System Overview

Here’s a quick look at Deck’s architecture. At the center of it all is the Link — your user-permissioned environment. A Link is built around three core components: Connection, Jobs, and Store, with an orchestration layer called Session.

  • Connection manages the authentication to the data source with your user’s credentials.
  • Jobs read or write data on behalf of your user.
  • Store records the data retrieved or written during Jobs.
  • Session covers the entire Workflow process.

API Endpoint Model

Deck separates how developers initiate work from how they retrieve results — a distinction that reinforces clarity between execution and persistence.

  • Jobs endpoints are used to initiate and run specific actions inside a session. These endpoints trigger a new job, such as retrieving data, submitting a form, or updating an account. Each job is atomic and returns its own completion status and output.
  • Store endpoints are used to fetch the outputs generated by those jobs — whether tied to a specific execution or accumulated over time. Developers can retrieve structured data, documents, or write receipts across sessions, connections, and entities.

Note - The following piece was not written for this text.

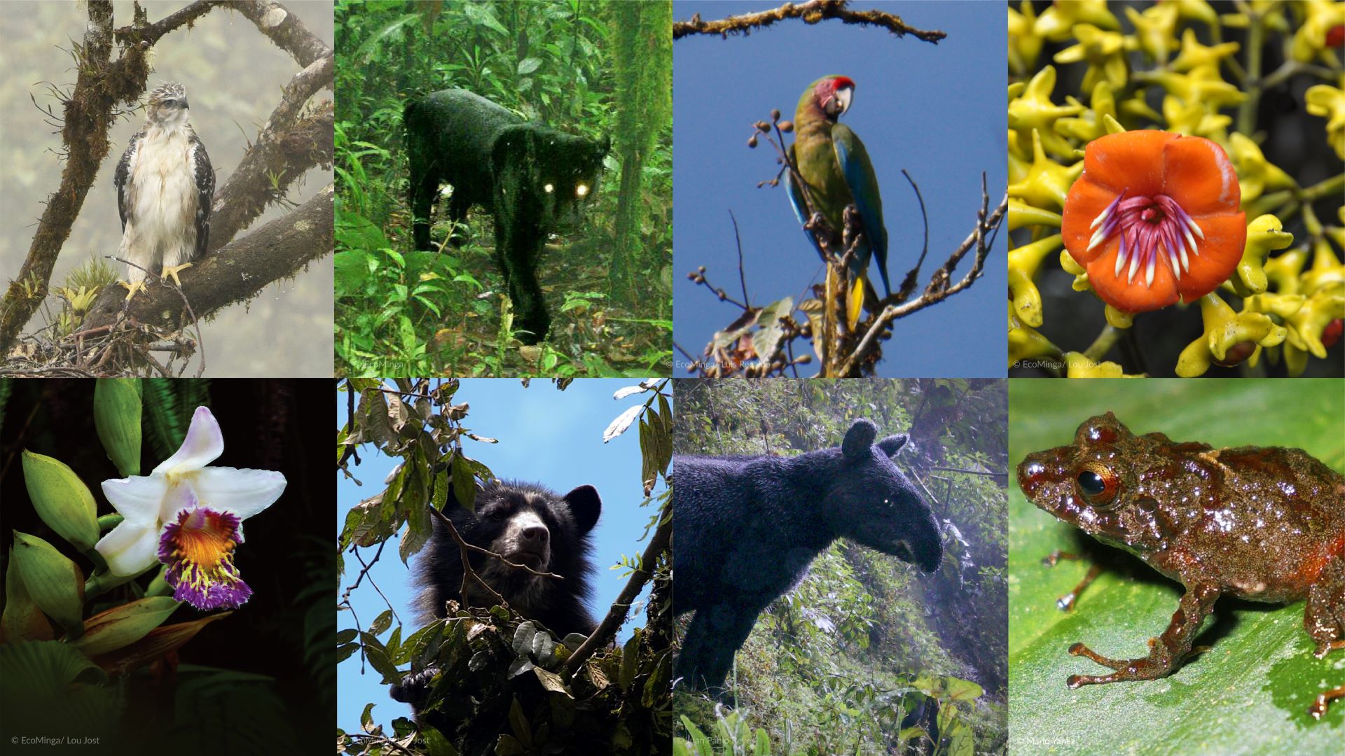Clockwise from top left: Black-and-chestnut Eagle, melanistic Jaguar, Military Macaw, Meriania aurata and Pristimantis sacharuna (both discovered in Zúñac), Mountain Tapir, Spectacled Bear, Sobralia luerorum orchid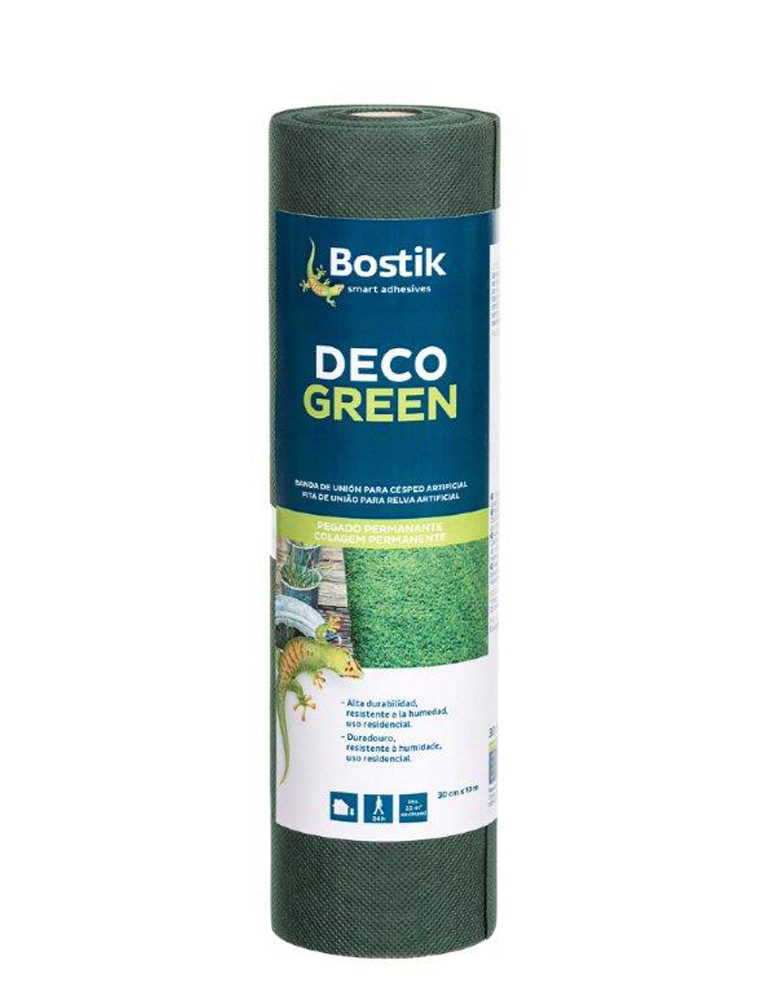 BANDA ADHESIVA PARA CÉSPED ARTIFICIAL DECO GREEN Zona de pegado premarcada. Verde. 10 m x 30 cm.

This separation allows for clean orchestration:
You run work through Jobs. You retrieve results through Store.


Deck's Core Design Principles

  • Atomic Jobs: Each Job is self-contained — one task, no hidden dependencies, no coupling.
  • Session continuity: Deck enables preserving authentication across Jobs, so developers can build multi-step workflows without managing Session recovery.

Session Management

Whether you are attempting to do a single Job or multiple Jobs, the session must start with an EnsureConnection Job and end with a CloseConnection Job. Every other Job done during the session is sandwiched between those two.

If multi-Job Workflow: Developers must flag it when starting the Workflow Attempt so the Session is ‘kept running’ until all Jobs are done.